Many of the wooden houses built with Dade County pine that belonged to her forebears have been replaced by concrete dwellings. Front porches that served as living rooms for friends and family to gather exist only in memory.

The Gibson Memorial Fund was incorporated in 1983 in memory of the late Reverend Gibson and his legacy as a civil rights leader. Ms. Gibson still sits on the board. The organization helps bridge gaps between diverse groups and works toward acquiring land designated for education and affordable housing.

Ms. Gibson bemoans the loss of legacy for the West Grove, while acknowledging that change isn’t unique to Miami. She hopes developers of new units will take heed.

“I’ve lived in this neighborhood for so long and have seen so many things happening,” she says. “I have told people the importance of keeping land here, but some have moved back to Georgia, where they had other land. Others can’t afford to live in the Grove anymore, and have moved elsewhere in Miami-Dade. My role now is to tell developers to be sure that some parts of the Grove stay affordable.”

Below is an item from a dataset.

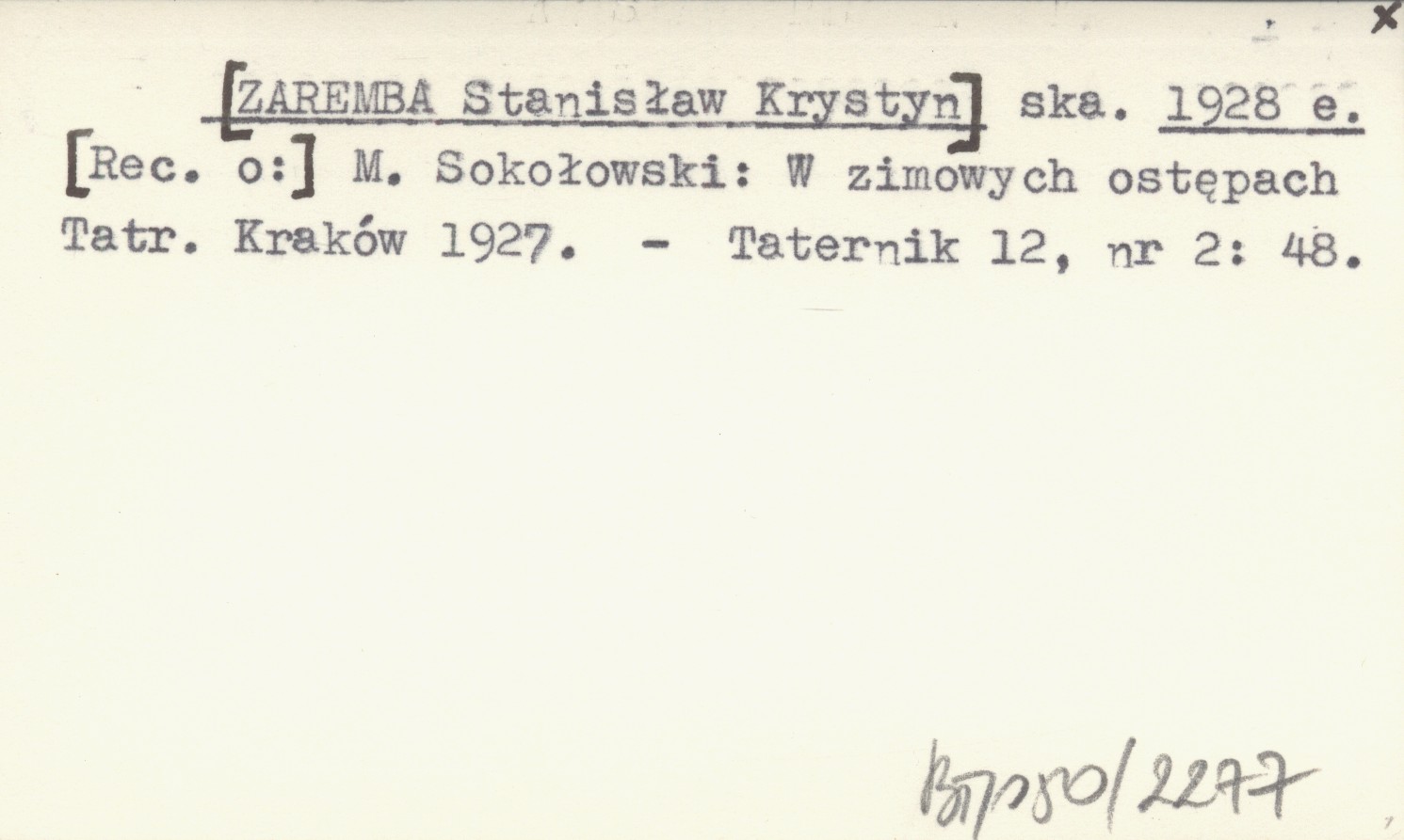 ska. [ZAREMBA Stanisław Krystyn] 1928 a [Rec. o:] M. Sokołowski: W zimowych ostępach Tatr. Kraków 1927.
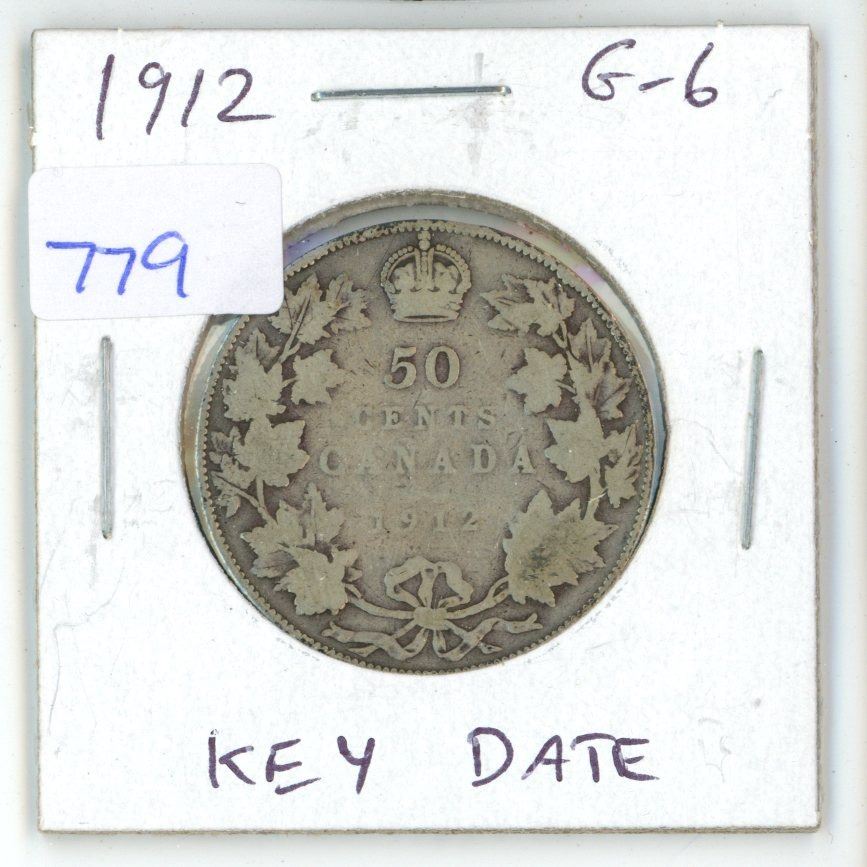 1912 Canadian Silver 50 cents. G-6. Key Date. Mintage of 285,867.

Ms. Gibson says ‘There is only one you’

“I don’t want anyone to talk about me when I’m dead,” she continues. “I won’t know it and I won’t hear it. It’s not about me. All these things I’ve gone through — I’ve lived them to make my community a better place.”

Despite shying away from praise, Ms. Gibson has touched the lives of many who still show gratitude for her courage. She receives an abundance of flowers, especially orchids — her favorite. “I don’t see a day without flowers somewhere,” she says.

Recently, Ms. Gibson opened a birthday card from a woman who worked as a receptionist at Mount Sinai in 1967 and had never forgotten Ms. Gibson’s words of encouragement: “there is only one you.”

Ms. Gibson was then head nurse and insisted the receptionist demand a proper address. “I told her she should be called by her last name,” she recounts. “I said: ‘We’re going to make this a professional place. We’re going to respect each other and our patients.”

“You just never know what impact you will have on someone’s life,” she continues. “The little things make a difference in helping people.”


Do you have a wish for the Grove?
I would like to see people of color do more than they’re paid to do. Think of the Stirrups, who were able to build this area and become wealthy with little or nothing. And if we had more young blacks see how important that is, that there’s so much they can do, they could come back and do it. I’m proud of what the Stirrup family is trying to do because we never had a real hotel in the colored section. That would be an opportunity. I’d like to see more of that happening among blacks on Grand Avenue.

What is your passion?
I enjoy prayer. Praying for others. Doing for others. Praying so that others have a better way of life.

What do you love most about the Grove?
The atmosphere. Living here knowing where our people, colored people, could carve out a place to live. I enjoy living here.

What makes the heart of the Grove beat?
The young people who are coming to the area. Businesses that can thrive and hire people who can work and live in the same area. There are training programs to work in cafeterias. We have programs that can help people get better jobs as a result of training.

What is your superpower?
To be able to have people listen to my pleas. I’m always pleading for something or other to build a better community. I’ve been fortunate that some people have listened and responded in a positive way. I have the gift of gab.